Pasal 158 Undang-Undang Nomor 3 Tahun 2020 tentang Minerba menegaskan, setiap kegiatan penambangan tanpa izin dapat dipidana lima tahun penjara dan denda hingga Rp100 miliar.
Tambang ilegal di kawasan konservasi juga melanggar Undang-Undang Nomor 41 Tahun 1999 tentang Kehutanan, dengan ancaman 10 tahun penjara dan denda Rp5 miliar bagi pelaku yang mengubah fungsi hutan.
Selain itu, perusakan lingkungan seperti ini bertentangan dengan Undang-Undang Nomor 32 Tahun 2009 tentang Perlindungan dan Pengelolaan Lingkungan Hidup (PPLH). Pasal 98 ayat (1) menegaskan, perusakan lingkungan dapat dihukum penjara hingga 10 tahun dan denda maksimal Rp10 miliar.
Namun semua pasal itu seakan tak punya arti. Kekuasaan hukum berhenti di batas kepentingan tambang.
Kejahatan yang Dibiarkan
Aktivis lingkungan menilai, pembiaran tambang ilegal di Ratatotok menunjukkan kelumpuhan moral dan keberanian pemerintah daerah serta aparat hukum.

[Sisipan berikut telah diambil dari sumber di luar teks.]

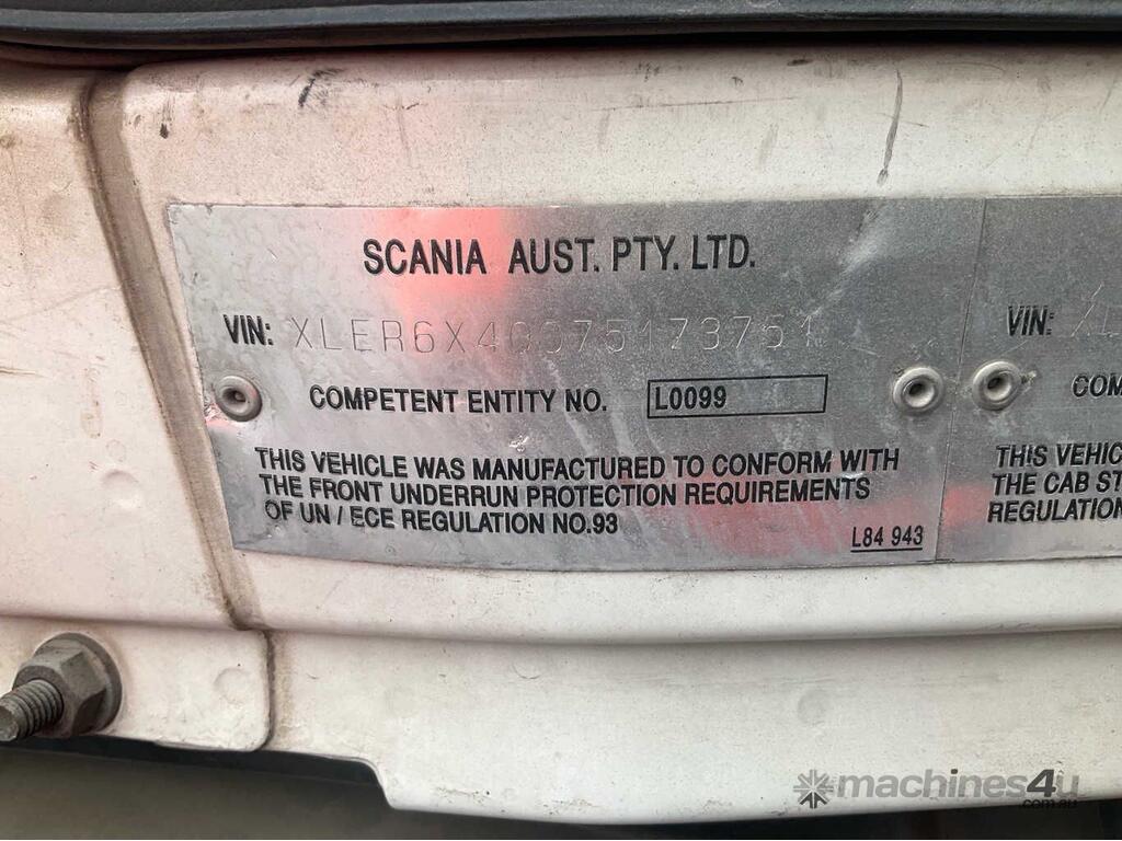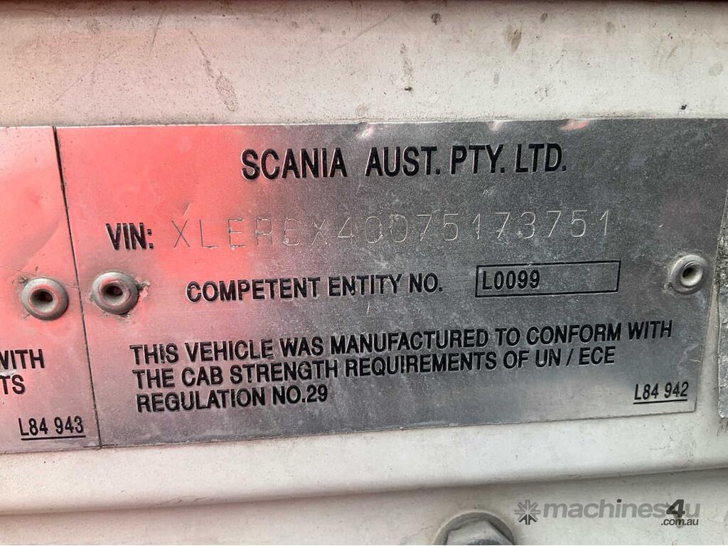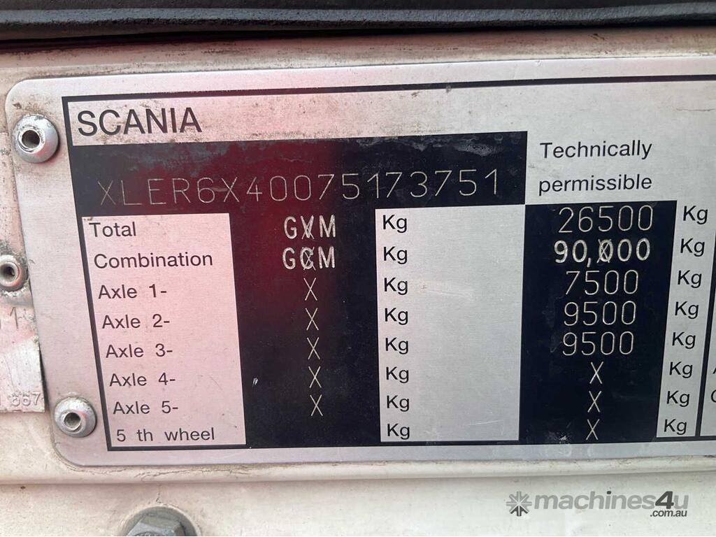 CP: 07/2007,Scania,R500,Prime Mover Sleeper Cab,Automated Manual Transmission,Airbag,8 Cyl,Diesel Turbo,718283 (Kms. Showing on Odometer),17395 (Hrs. Showing on Hour meter),Colour: White,Unregistered,VIN: XLER6X1,Key No: 170E,Length: 7.1 m,GVM: 26500,GCM: 90000,Sold with No Plates,Key No: 170E

> “Ini bukan sekadar tambang ilegal. Ini kejahatan lingkungan yang terorganisir dan dibiarkan. Negara seolah bersekongkol lewat diamnya,” tegas salah satu aktivis jaringan LSM lingkungan di Sulawesi Utara.

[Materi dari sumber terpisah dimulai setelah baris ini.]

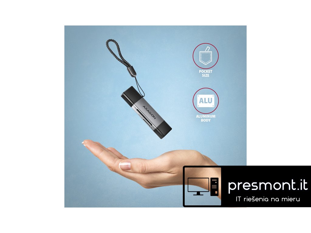 Mobilní Mini čtečka paměťových karet AXAGON CRE-DAC s rozhraním USB 5 Gbps podporuje všechny současné verze SD a microSD karet včetně SDXC a microSDXC s kapacitou až 2TB. Velkou výhodou čtečky je jak konektor USB-C, tak i konektor USB-A, připojení je tak opravdu univerzální. Čtečku je možné přímo připojit ke všem stolním počítačům nebo notebookům a také k telefonům a tabletům s USB-C konektorem. Díky USB 3.2 Gen 1 (USB 3.0) rozhraní dosahuje čtečka výrazně vyšších přenosových rychlostí u karet SD UHS-I oproti čtečkám s USB 2.0 rozhraním. Čtečka potěší možností současné práce s kartami v obou slotech a přímého kopírování mezi nimi. Kovové tělo čtečky nejen skvěle vypadá, ale zvyšuje také její odolnost. Potěší také jemně strukturovaný povrch, na kterém nezůstávají otisky prstů. Oba konektory jsou při přenášení chráněny krytkami. Přibalený závěs umožní připnutí čtečky třeba ke svazku klíčů. Instalaci zvládne každý, čtečku jen zasunete do USB portu počítače nebo telefonu a zbytek proběhne zcela automaticky. Čtečka karet - dva sloty, podporuje následující formáty: • slot Micro SD: microSD / microSDHC / microSDXC / TransFlash, • slot SD: SecureDigital, SDHC, SDXC, MultiMedia Card, MMC 4.0, MMC Dual Voltage, MMC mobile, RS-MMC, s adaptérem miniSD, microSD, microSDHC, microSDXC, MMC Micro. Čtečka podporuje tyto specifikace flash karet: • SD 1.0/1.1 (SD - Secure Digital, až 2GB). • SD 2.0 (SDHC - Secure Digital High Capacity, až 32GB). • SD 3.0 (SDXC - Secure Digital eXtended Capacity, až 2TB). • MMC a eMMC 3.x/4.0/4.1/4.2/4.3/4.4/4.5/5.0 (8-bit). • Podpora SD 3.01 a SD Jukebox aplikace (CPRM funkce). • Podpora Ultra High Speed bus UHS-I (SDR12/SDR25/SDR50/DDR50/SDR104) rychlost až 104 MB/s. • Podpora hardware ECC (Error Correction Code) funkce a CRC (Cyclic Redundancy Check) funkce. • 2 LUN - v souborových manažerech se čtečka indikuje jako dvě diskové jednotky. • Podpora souborových formátů FAT 12/16/32, NTFS, exFAT (FAT 64). Další vlastnosti: • Rozhraní SuperSpeed USB - USB 3.2 Gen 1 (dříve USB 3.1 Gen 1 / USB 3.0). • Kompatibilní také s USB 3.2 Gen 2, zpětně kompatibilní s USB 2.0 a USB 1.1. • Podpora přenosových rychlostí 1.5 / 12 / 480 / 5000 Mbit/s (low / full / high / super speed). • Plná podpora Plug and Play a Hot Swap. • Připojení přes USB konektor typu C male nebo typu A male. • Podpora připojení telefonů s microUSB konektorem přes OTG redukci. • Napájení čtečky po USB sběrnici (bus-power). • LED dioda indikuje připojení čtečky k počítači. • Rozměry 70 x 17 x 10 mm s nasazenými krytkami. • Hmotnost 14 g. Podporované operační systémy: • MS Windows 7 / 8 / 8.1 / 10 / 11 a novější, Windows Server 2008 / 2012 / 2016 / 2019 / 2022 a novější (podporovány všechny 32- i 64-bitové verze OS Windows), Mac OS X 10.x a vyšší, Linux s jádrem 2.4.x a vyšším, Android všechny verze. • Pozn.: Ovladače jsou součástí podporovaných operačních systémů a nainstalují se zcela automaticky. Žádné jiné ovladače není třeba instalovat a nejsou ani k dispozici. Balení v kartonové krabičce s otvorem pro zavěšení obsahuje: • SuperSpeed USB čtečku karet, • 2 krytky USB konektorů, • závěs na klíče, • vícejazyčný návod CZ/DE/DK/ENG/ESP/FIN/FR/GR/HR/HU/IT/NL/PL/PT/RO/RU/SK/SWE/BG/CN/TR/ARA.Dodatočné parametre
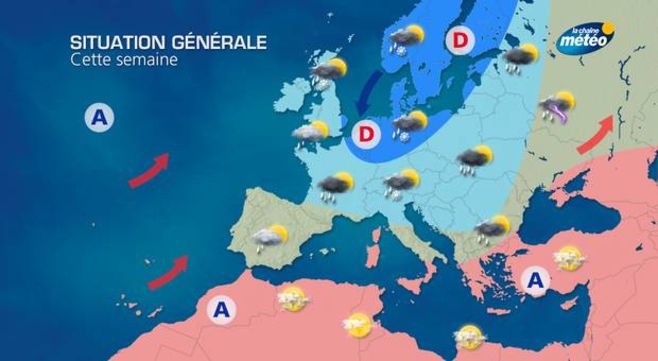 Un vaste système dépressionnaire alimenté en air polaire s’étend de la Scandinavie au Maghreb en passant par la France qui fait barrage à l’anticyclone des Açores. Les conditions sont propices à la persistance d’un temps frais, et même froid en matinée.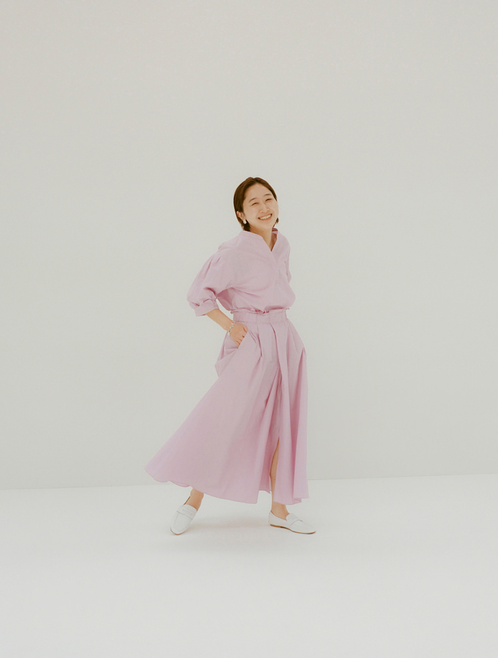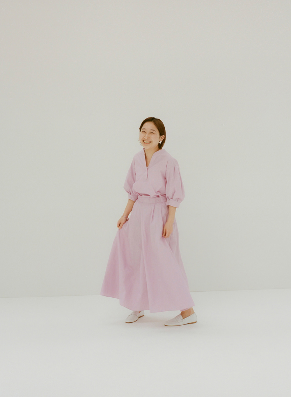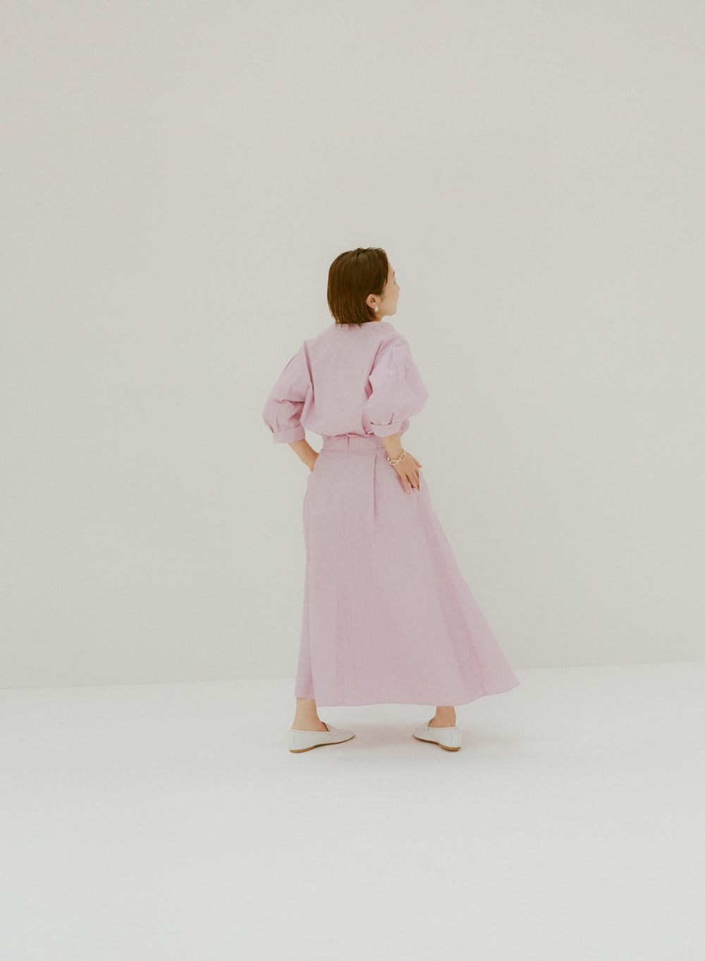 シャツ素材のブラウスとスカートのセットアップ。それぞれさりげないディティールのこだわりが感じられるデザイン。セットアップを着るといつでも晴れやかな気持ちになる。自分の心は自分で整えることがMy style。

Jika kawasan konservasi sekelas Kebun Raya Ratatotok saja tidak mampu dilindungi, bagaimana nasib wilayah hutan lainnya di Sulawesi Utara?
Negara tampak kalah di hadapan mafia tambang yang bekerja di bawah terang matahari. Pertanyaan besar kini menggantung: Apakah hukum hanya berlaku untuk rakyat kecil, sementara penguasa tambang bisa membeli diamnya negara?